We can see that the high accuracy is possible despite totally missing our target. To evaluate an algorithm in a way that prevalence does not cloud our assessment, we often look at sensitivity and specificity.

## Sensitivity (A.K.A “Recall” and “True Positive Rate”)

Sensitivity is the ability of an algorithm to predict a positive outcome when the actual outcome is positive. In our case, of the patients who die, what proportion did we correctly predict? This can be written as:

$Sensitivity = Recall = \frac{TP}{TP+FN}$

Because a model that calls “1” for everything has perfect sensitivity, this measure is not enough on its own. Alongside sensitivity we often report on specificity.

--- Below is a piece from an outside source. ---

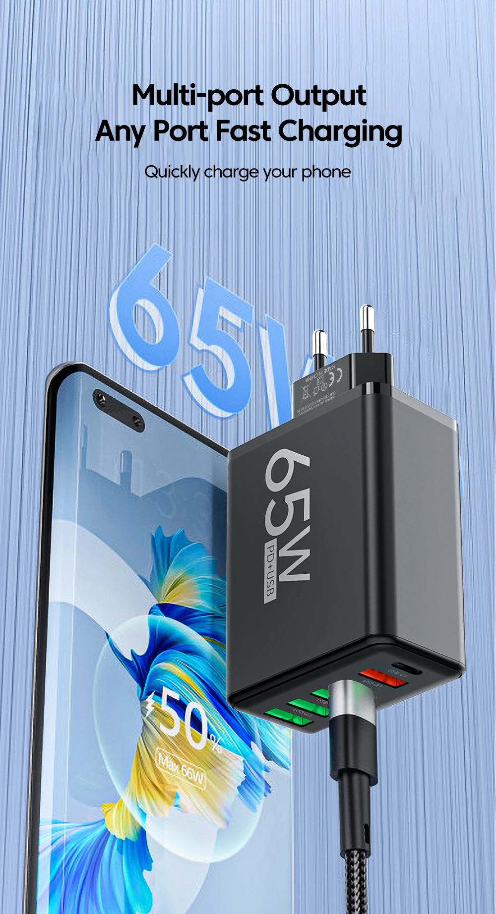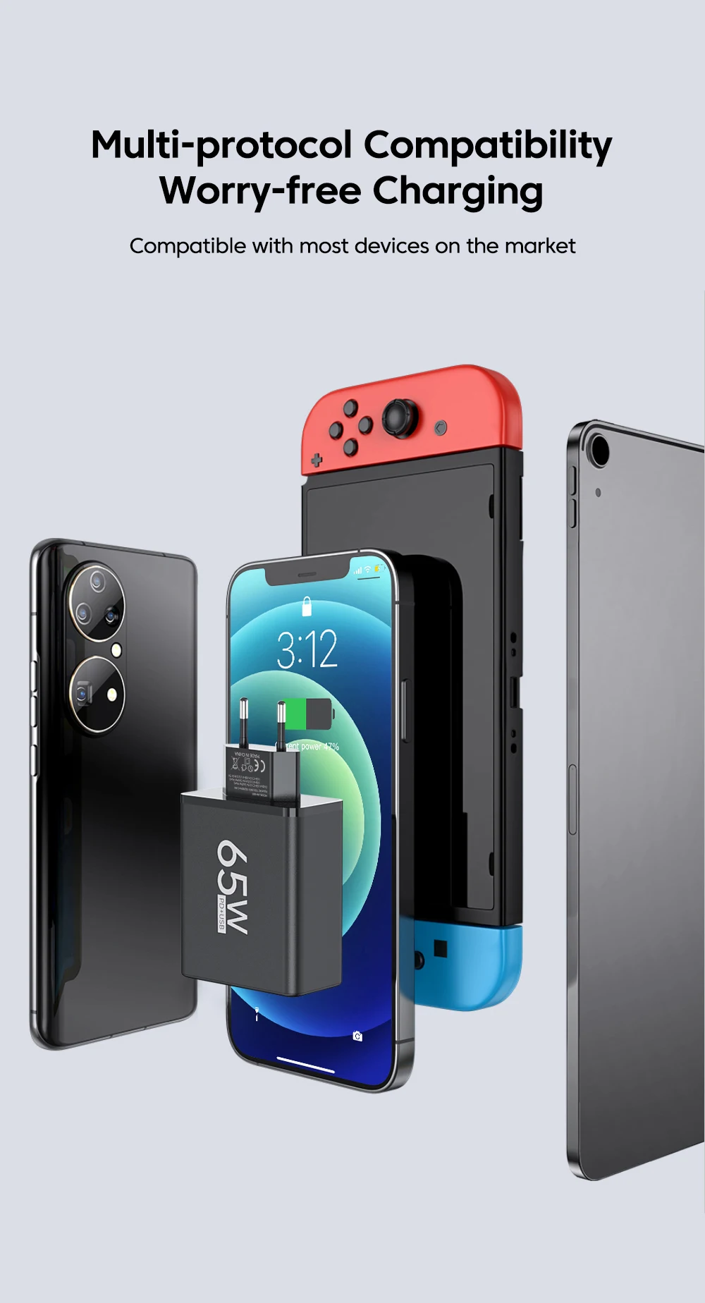 | Fast Universal Charging: | Supports quick charging protocols for devices including Apple, Samsung, Huawei, and Xiaomi, ensuring your device charges up to 50% in just 30 minutes. |

## Specificity (A.K.A “True Negative Rate”)

Specificity relates to the test’s ability to correctly classify patients who survive their stay (i.e. class “0”). Specificity is the proportion of those who survive who are predicted to survive. The formula for specificity is:

$Specificity = \frac{TN}{FP+TN}$

A Receiver-Operator Characteristic (ROC) curve plots 1 - specificity vs. sensitivity at varying probability thresholds. The area under this curve is known as the AUROC (or sometimes just the “Area Under the Curve”, AUC) and it is a well-used measure of discrimination that was originally developed by radar operators in the 1940s.

metrics.plot_roc_curve(reg, x_test, y_test)


An AUROC of 0.5 is no better than guessing and an AUROC of 1.0 is perfect. An AUROC of 0.9 tells us that the 90% of times our model will assign a higher risk to a randomly selected patient with an event than to a randomly selected patient without an event

## Key Points

• Confusion matrices are the basis for many popular performance metrics.

• AUROC is the area under the receiver operating characteristic. 0.5 is bad!

• TP is True Positive, meaning that our prediction hit its target.